An AI Learned to Play Minecraft, and It’s Actually Pretty Good

An AI has learned to play Minecraft, and it’s pretty good

ChessCome on, and now — Minecraft. Artificial intelligence models have added yet another victory to their list of gaming victims.

Using a mix of unlabeled products Minecraft videos and a small data set of those tagged by contractors, artificial intelligence company OpenAI was able to train a neural network to play proficiently Minecraft – a milestone for the technology, which had previously struggled to crack the game’s simple but loose gameplay. Open AI engineers revealed their experience in a research paper And subsequent blog post this week.

OpenAI’s model was able to go beyond basic crafting and survival and actually perform many of the same complex tasks as a human. Minecraft the player would. In its blog post, OpenAI shows a video of its animal model swimming, hunting, and cooking. He even managed to understand the game”pillar jump”technical. More recently, Deepmind was able to with success train his MuZero AI to play Atari games.

Previous AI models have relied on various forms of reinforcement learning in the past to beat classic games like Chess and Go. Minecraft on the other hand, while intuitive enough for young children to master, it presents a challenge to AI systems due to its open world and open structure.

Although there is a seemingly endless amount of videos floating around the internet of Minecraft gameplay, these only tell part of the story of how to actually learn to play the game, at least when training an AI. According to OpenAI, the burst of unlabeled video data excels at demonstrating “what” to do, but it doesn’t provide the exact key presses or mouse moments needed for an AI to understand “how” to play.

The engineers solved this “how” problem by creating a semi-supervised imitation learning method they call “Video PreTraining” or VPT. OpenAI essentially gathered a new, smaller dataset from entrepreneurs that not only included Minecraft gameplay but also examples of key presses and other actions recorded by contractors. OpenAI then created another model that uses entrepreneurs’ videos to predict what action will come next at each stage of a Minecraft video. Equipped with the basic know-how, their AI was then able to successfully understand larger datasets of Minecraft online videos. Rather than just dumping a torrent of data on their AI, the engineers first took the time to teach it the fundamentals of basic inputs.

“For many tasks, our models exhibit human-level performance, and we are the first to report computer agents capable of crafting diamond tools, which can take more than 20 minutes (24,000 environmental actions) of gameplay to complete. competent humans,” OpenAI wrote in their research paper detailing the findings.

All of this training and subcontractor assistance would have resulted in a price tag of around US$160,000 ($222,112). Most of that money according ZDNet, paid the contractors who collectively put together approximately 4,500 hours of play. The contractors were paid US$20 ($28) per hour.

You can see footage of the AI ​​chopping wood, managing inventory, and roaming caves on your own below.

If watching an AI that’s essentially worth the annual salary of some surgeons playing an 11-year-old indie game doesn’t sound so impressive, it’s worth taking a step back and seeing how far the technology has come.
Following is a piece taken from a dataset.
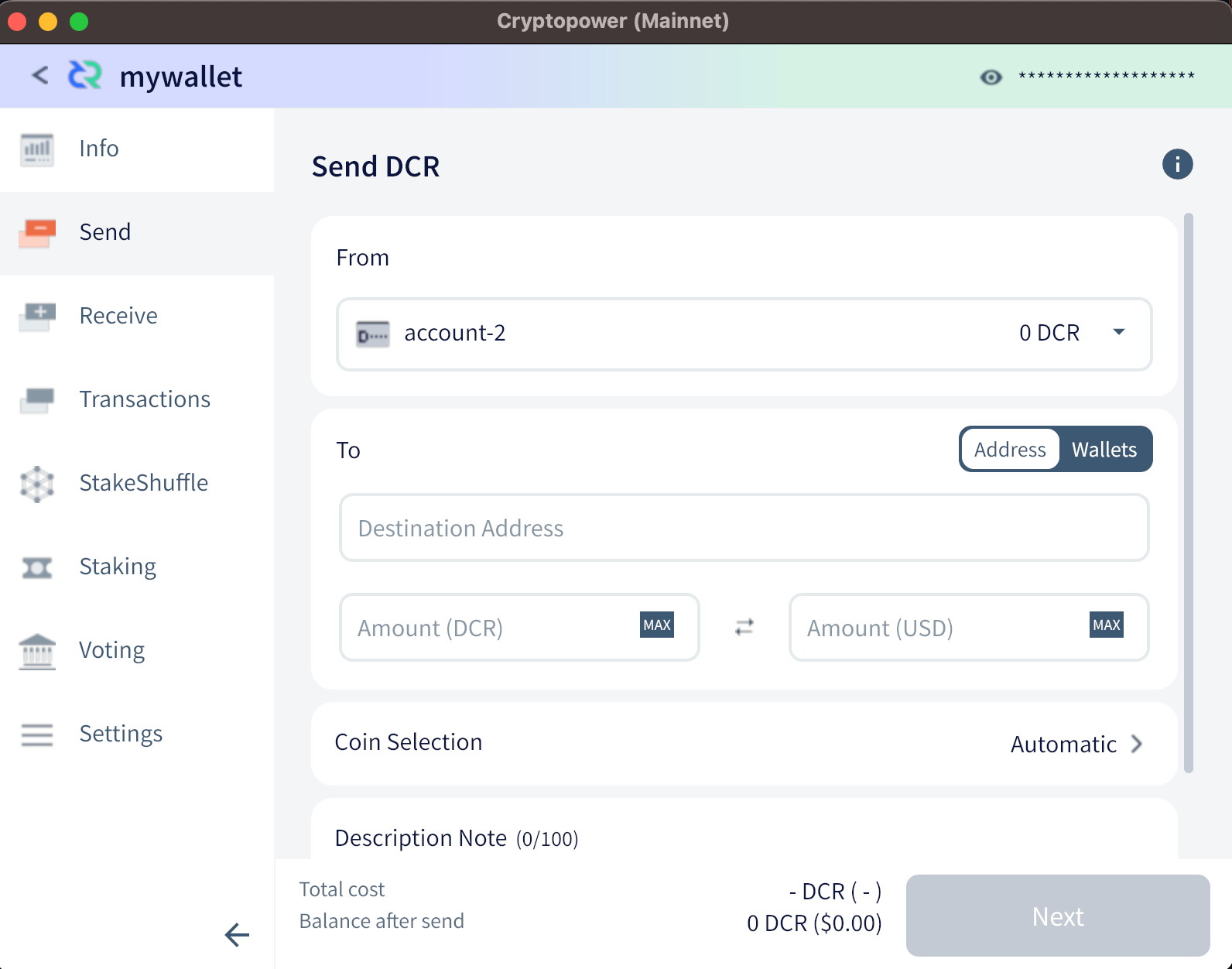 Cryptopower is a multi-coin wallet for DCR, BTC and LTC designed for both desktop and mobile platforms. With the entire app written in a single programming language (Go - the primary language used in Decred), Cryptopower aims to achieve better efficiency, security, and portability, compared to existing Decred wallets.

Just three years ago, teams of technologists participating in the MineRL competition were tasked with one seemingly simple goal: to create an AI capable of successfully mining a diamond in Minecraft. 660 candidates would have have tried to meet this challenge, and each of them has failed. OpenAI’s model can now make diamond tools.
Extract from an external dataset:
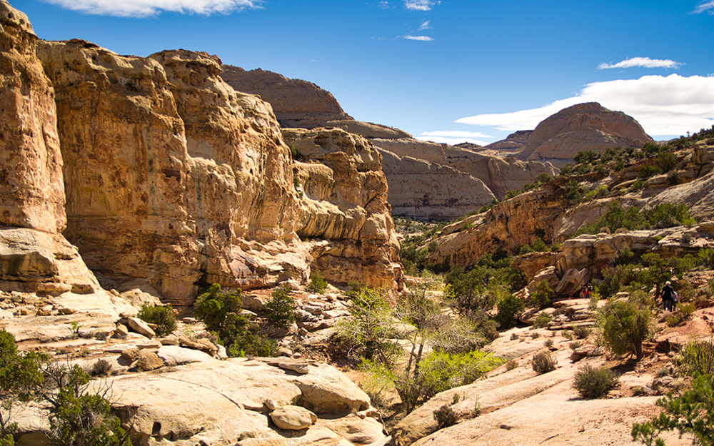 Langs de kletterende Fremont-rivier ligt het Fruita Campground. De mosgroene boomgaarden die het kamp overdekken steken prachtig af tegen de omringende rode rotsen. Een oase, middenin de woestijn van het Capitol Reef National Park.

OpenAI isn’t the only tech company to turn to, either. Minecraft for his AI experiments. Last month at its Build conference, Microsoft unveiled a new Minecraft AI “Agent” that operates in the game. Users interacting with Microsoft Minecraft agents can enter commands which are then automatically generated using the game’s software API. In practice, Wired Remarksthis means that users can enter a phrase such as “come here” and the Minecraft bot will automatically translate this into Minecraft code, which will drive the bot forward. In addition to walking, Microsoft Minecraft The agent can also perform more complex tasks like collecting objects from the game world and combining them to create something. And look, he can probably do it better and faster than this writer, who is years away from his last Minecraft session.